**REQUIRED WORK**:
Among the lines below, a stretch begins at the one with "Vaticano, l'allestimento dell'albero" and ends at the one with "Пекин. 27 сентября.". Repeat that stretch exactly, ends included.

**PROVIDED RECORDS**:
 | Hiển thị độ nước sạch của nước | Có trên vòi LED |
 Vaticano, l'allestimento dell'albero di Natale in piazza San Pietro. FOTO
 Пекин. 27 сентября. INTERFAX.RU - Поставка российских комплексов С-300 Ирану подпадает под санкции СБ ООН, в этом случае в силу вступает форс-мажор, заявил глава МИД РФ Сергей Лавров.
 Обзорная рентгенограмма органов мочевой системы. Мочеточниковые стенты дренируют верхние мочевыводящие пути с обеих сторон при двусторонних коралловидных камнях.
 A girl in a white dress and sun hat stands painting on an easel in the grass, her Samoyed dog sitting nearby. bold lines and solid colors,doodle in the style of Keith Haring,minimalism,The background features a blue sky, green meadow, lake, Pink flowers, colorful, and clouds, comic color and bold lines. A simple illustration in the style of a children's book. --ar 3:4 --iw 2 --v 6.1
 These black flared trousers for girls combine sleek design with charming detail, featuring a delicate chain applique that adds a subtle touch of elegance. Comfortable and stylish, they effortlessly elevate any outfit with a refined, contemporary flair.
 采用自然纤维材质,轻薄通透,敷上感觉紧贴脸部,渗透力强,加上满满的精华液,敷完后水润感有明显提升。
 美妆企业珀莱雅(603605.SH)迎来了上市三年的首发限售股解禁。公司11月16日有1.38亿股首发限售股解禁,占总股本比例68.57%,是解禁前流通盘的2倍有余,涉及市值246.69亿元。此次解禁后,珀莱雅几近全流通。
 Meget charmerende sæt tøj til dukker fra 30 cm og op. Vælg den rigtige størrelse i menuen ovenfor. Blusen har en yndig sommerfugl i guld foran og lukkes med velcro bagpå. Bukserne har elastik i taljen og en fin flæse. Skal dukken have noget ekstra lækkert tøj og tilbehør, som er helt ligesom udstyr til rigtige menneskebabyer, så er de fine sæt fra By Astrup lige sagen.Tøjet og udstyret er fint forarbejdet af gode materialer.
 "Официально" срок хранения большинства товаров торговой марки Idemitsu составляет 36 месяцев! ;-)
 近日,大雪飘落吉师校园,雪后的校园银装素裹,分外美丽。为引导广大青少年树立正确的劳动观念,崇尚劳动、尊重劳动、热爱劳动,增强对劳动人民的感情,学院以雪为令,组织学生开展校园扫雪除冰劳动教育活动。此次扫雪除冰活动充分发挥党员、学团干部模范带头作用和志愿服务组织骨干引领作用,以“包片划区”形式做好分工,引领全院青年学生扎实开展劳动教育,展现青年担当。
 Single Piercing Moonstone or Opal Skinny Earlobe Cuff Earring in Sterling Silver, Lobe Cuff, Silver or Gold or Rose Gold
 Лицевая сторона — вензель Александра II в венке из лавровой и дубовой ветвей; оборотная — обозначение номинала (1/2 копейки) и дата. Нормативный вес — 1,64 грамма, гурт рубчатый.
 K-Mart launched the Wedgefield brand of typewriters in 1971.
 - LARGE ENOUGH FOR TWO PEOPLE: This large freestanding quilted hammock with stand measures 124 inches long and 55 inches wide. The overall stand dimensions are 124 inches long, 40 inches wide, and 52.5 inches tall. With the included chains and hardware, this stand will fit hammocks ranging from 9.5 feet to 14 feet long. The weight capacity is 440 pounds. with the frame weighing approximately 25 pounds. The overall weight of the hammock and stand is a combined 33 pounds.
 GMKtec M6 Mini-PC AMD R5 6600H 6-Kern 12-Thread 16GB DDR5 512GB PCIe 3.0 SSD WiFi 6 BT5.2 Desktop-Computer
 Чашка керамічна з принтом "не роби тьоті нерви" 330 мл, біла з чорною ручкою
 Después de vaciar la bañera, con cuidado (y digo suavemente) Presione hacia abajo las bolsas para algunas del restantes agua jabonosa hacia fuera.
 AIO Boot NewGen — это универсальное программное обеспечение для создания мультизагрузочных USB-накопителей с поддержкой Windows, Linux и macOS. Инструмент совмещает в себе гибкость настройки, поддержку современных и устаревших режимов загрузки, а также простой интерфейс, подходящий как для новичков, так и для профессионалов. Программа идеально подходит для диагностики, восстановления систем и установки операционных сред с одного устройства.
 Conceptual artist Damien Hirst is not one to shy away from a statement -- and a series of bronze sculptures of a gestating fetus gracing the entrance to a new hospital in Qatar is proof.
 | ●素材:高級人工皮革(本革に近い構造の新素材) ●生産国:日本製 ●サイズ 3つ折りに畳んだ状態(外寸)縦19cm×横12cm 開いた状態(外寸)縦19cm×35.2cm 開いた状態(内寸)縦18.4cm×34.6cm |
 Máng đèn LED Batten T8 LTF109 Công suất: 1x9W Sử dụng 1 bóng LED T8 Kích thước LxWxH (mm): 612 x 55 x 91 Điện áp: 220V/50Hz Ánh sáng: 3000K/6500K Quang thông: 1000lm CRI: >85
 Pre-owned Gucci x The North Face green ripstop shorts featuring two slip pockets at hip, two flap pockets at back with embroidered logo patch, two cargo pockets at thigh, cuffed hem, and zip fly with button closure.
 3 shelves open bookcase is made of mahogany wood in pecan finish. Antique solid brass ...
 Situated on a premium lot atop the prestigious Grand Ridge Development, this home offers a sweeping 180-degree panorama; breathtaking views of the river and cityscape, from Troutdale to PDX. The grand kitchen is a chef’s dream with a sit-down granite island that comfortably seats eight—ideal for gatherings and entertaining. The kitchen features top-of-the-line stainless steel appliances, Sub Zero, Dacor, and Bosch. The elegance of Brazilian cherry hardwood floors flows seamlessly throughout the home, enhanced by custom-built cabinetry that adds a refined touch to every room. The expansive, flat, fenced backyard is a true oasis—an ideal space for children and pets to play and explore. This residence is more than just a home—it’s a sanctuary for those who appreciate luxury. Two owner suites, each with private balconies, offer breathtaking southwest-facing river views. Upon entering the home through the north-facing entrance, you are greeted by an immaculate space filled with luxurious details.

**YOUR RESPONSE**:
 Vaticano, l'allestimento dell'albero di Natale in piazza San Pietro. FOTO
 Пекин. 27 сентября. INTERFAX.RU - Поставка российских комплексов С-300 Ирану подпадает под санкции СБ ООН, в этом случае в силу вступает форс-мажор, заявил глава МИД РФ Сергей Лавров.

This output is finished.